This piece is part of an on-going blog series called Plurality 2.0 (watch video here). Full schedule of guest authors throughout April and May is available here.

Darleen Pryds is a professor of Christian Spirituality and Church History at the Franciscan School of Theology which is part of the Graduate Theological Union in Berkeley. She was reared Lutheran, became an agnostic vegetarian when she entered college, returned to institutionalized Christianity via the Episcopal church in the early ‘90s, before becoming Roman Catholic in 1999. Her favorite book is Somerset Maugham’s The Razor’s Edge and looks to Larry Darryl, the book’s protagonist, as a spiritual guide. She is presently re-reading it for about the 8th time. Recently she has started volunteering at Zen Hospice in San Francisco and considers her time there the most meaningful spiritual practice in her life right now. Online she has a webpage for her academic work and a Facebook page for her public talks at Darleen Pryds, Ph.D.

The Journey of a Spiritual Agnostic

picture-2Even when I was a strident agnostic (if an agnostic can be strident), I developed an intense spirituality around being a vegetarian. The sacredness of all life formed the basis of my earth-bound spirituality. So the notion of a spirituality of atheism is not altogether foreign to me. In fact I consider just such a spirituality with a fair amount of nostalgia and yearning at times. It would be so much simpler than being Roman Catholic.
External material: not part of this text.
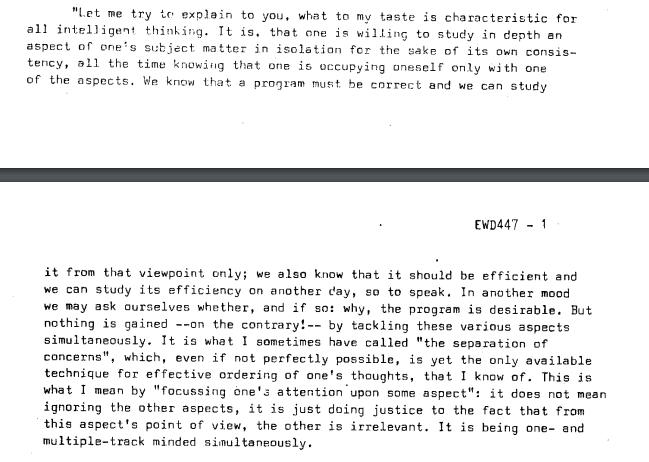"Let me try to explain to you, what to my taste is characteristic for all intelligent thinking. It is, that one is willing to study in depth an aspect of one's subject matter in isolation for the sake of its own consistency, all the time knowing that one is occupying oneself only with one of the aspects. We know that a program must be correct and we can study it from that viewpoint only; we also know that it should be efficient and we can study its efficiency on another day, so to speak. In another mood we may ask ourselves whether, and if so: why, the program is desirable. But nothing is gained --on the contrary!-- by tackling these various aspects simultaneously. It is what I sometimes have called "the separation of concerns", which, even if not perfectly possible, is yet the only available technique for effective ordering of one's thoughts, that I know of. This is what I mean by "focussing one's attention upon some aspect": it does not mean ignoring the other aspects, it is just doing justice to the fact that from this aspect's point of view, the other is irrelevant. It is being one- and multiple-track minded simultaneously.
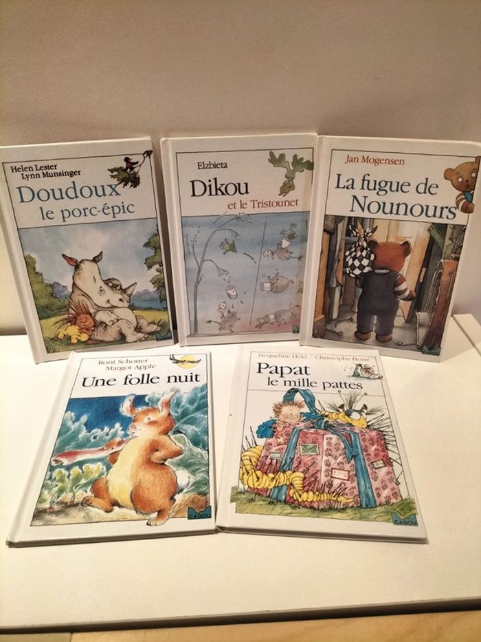 Lot de 5 petits livres, aux éditions Hachette, dans la série Cadou, Pour enfant à partir de 3,4 ans, 5 livres joliment illustrés, Vous découvrirez les histoires, de doudou le porc-épic, de patat le mille-pattes, de la folle nuit de l'écureuil, de la fugue de nounours, et de Dikou le petit troum... 5 Livres en très bon état, seul l'un d'entre eux a un petit accroc sur la couverture voir photos. (Attention le numéro ISBN reconnu par vinted n'a pas le bon titre.)

For reasons that are not easy to explain especially in a blog post, I decided to become Roman Catholic in 1999. How a feminist, vegetarian, gay-rights activist could become Catholic in the late 20th century is inherently a complex decision. And my life today as the only lay woman teaching at a Catholic graduate school can be at times uneasy. In recent months I have found myself looking back on my agnostic days with a rosy-glass memory: it seems now that my spiritual life was so simple then.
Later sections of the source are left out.